SUPPLIED RECORDS:
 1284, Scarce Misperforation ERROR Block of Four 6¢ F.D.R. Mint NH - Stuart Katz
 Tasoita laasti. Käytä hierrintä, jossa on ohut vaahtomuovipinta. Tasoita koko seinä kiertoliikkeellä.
...
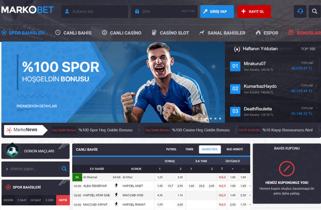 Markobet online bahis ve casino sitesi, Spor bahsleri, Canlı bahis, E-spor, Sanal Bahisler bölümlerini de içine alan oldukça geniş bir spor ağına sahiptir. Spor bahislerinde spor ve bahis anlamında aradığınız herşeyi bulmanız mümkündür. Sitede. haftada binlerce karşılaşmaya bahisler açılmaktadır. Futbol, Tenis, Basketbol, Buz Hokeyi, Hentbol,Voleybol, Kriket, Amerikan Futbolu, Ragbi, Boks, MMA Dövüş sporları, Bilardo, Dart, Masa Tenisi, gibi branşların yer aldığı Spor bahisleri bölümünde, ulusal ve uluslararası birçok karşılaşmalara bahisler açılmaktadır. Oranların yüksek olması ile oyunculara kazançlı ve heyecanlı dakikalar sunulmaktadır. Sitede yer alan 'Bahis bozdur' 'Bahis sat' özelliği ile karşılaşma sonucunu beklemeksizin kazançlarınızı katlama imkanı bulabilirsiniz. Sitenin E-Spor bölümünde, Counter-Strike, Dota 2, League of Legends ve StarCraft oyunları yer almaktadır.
==
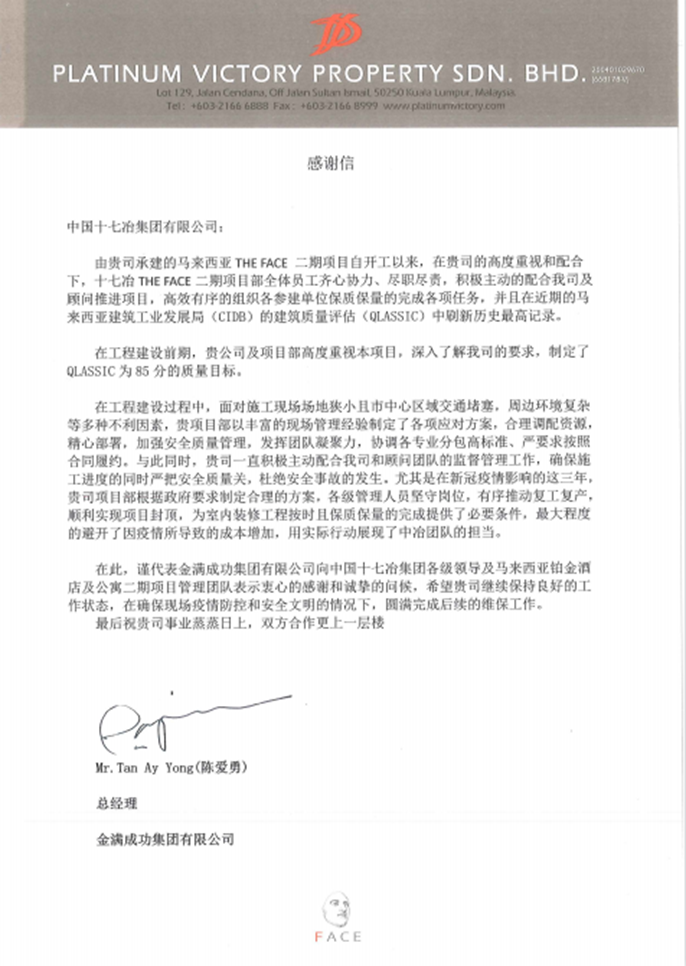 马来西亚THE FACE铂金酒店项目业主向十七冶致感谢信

REQUIRED ACTION:
Please make an exact copy of the lines above from the line with "1284, Scarce Misperforation" through the line with "Tasoita laasti. Käytä", both ends included.

RESULT OF THE TASK:
 1284, Scarce Misperforation ERROR Block of Four 6¢ F.D.R. Mint NH - Stuart Katz
 Tasoita laasti. Käytä hierrintä, jossa on ohut vaahtomuovipinta. Tasoita koko seinä kiertoliikkeellä.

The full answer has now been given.